Данил Стеклов — идеальный, хотя и чересчур очевидный выбор на роль Васи Мотылькова: при всех различиях контекста такой типаж хорошего, простого, слегка незадачливого, но преодолевающего трудности парня Стеклову достается раз за разом (от «Мушкетеров» Богомолова до «Боюсь стать Колей» Брусникиной), желательно бы увидеть актера в каком-нибудь менее ожидаемом амплуа, но для эскиза, однозначно, попадание абсолютное. Руслан Братов, которому достался Маяк, еще студентом казался мне любителем «тянуть одеяло на себя», не всегда вписывался в ансамбль, но в «Славе», опять-таки, его специфика характеру персонажа соответствует вполне. Нина Гусева — замечательная, живая, превосходно соответствующая по фактуре, по темпераменту (не гламурная красотка, не серая мышка — симпатичная, активная, волевая девушка; ну и родная правнучка автора пьесы, чего уж там...) безупречно попадает в «тональность» роли летчицы Лены. Но молодые герои в любом случае ведут свой сюжет, а отдельная линия выстраивается на образе, который воплощает Станислав Любшин.

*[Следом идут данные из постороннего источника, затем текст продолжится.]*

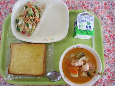 子供たちに大人気の「はちみつレモントースト」です。また、シチューの味付けがものすごくおいしいクリームシチューでした。(レシピが欲しい一品でした。)
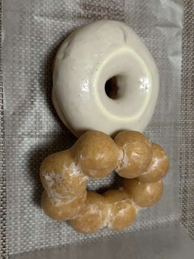 Read moreやはり夕方に行くと種類が少ないか😭 でも、安定のポンデリングは安くてうまい☺️ 焼きポンデリングは巷で少し流行りましたが、フライパンを出して加熱して、そのあとフライパンを洗うまで考えると、そこまでしなくてもいいかなー?と思いますね。普通にポンデリングを食べるってのが好きです😊 白色のドーナツはなんて名前だったかしら?とにかく美味しかったですよ!最近出たやつなのでしょうか?ふわっとしたミスタードーナツのドーナツに、ホワイトチョコがしっかりとついていてふわっと、そして、甘くて美味しかったです😄 今回、エンゼルクリームに溺れたくてミスタードーナツに行きましたが、時間が遅かったので、次は早い時間に行ってエンゼルク...

Далеко не всякий мэтр-орденоносец отважится на подобный риск — но и далеко не в каждом театре мэтру предоставят такую возможность, в иных (далеко ходить за примерами не надо) и последние названия из репертуара у всезаслуженно-народных юбиляров отнимают. Недавний именинник Любшин не отмечал публично круглую дату бенефисом, несколько лет не выходил на сцену Художественного в новых ролях, и даже заявленный в театрализованном вечере, посвященном 150-летию Максима Горького, так и не появился, уж не знаю, по здоровью ли, техническим трудностям, творческим соображениям — хотя заменивший его Сергей Сосновский выступил блестяще. Тем примечательнее, что, обойдясь без юбилейной шумихи, Любшин поучаствовал в лабораторном проекте вместе с молодежью, без смущения сыграв в скудном оформлении из подбора бесплатные дневные показы, не предполагающие громкого медийного резонанса и не обещающие долгой репертуарной жизни, демонстрируя не только отменную творческую форму, но и азарт, и заинтересованность в чем-то новом, для себя непривычном и для своего «статуса» как бы «неподобающем» — и этим заодно подкупает. Но не только этим.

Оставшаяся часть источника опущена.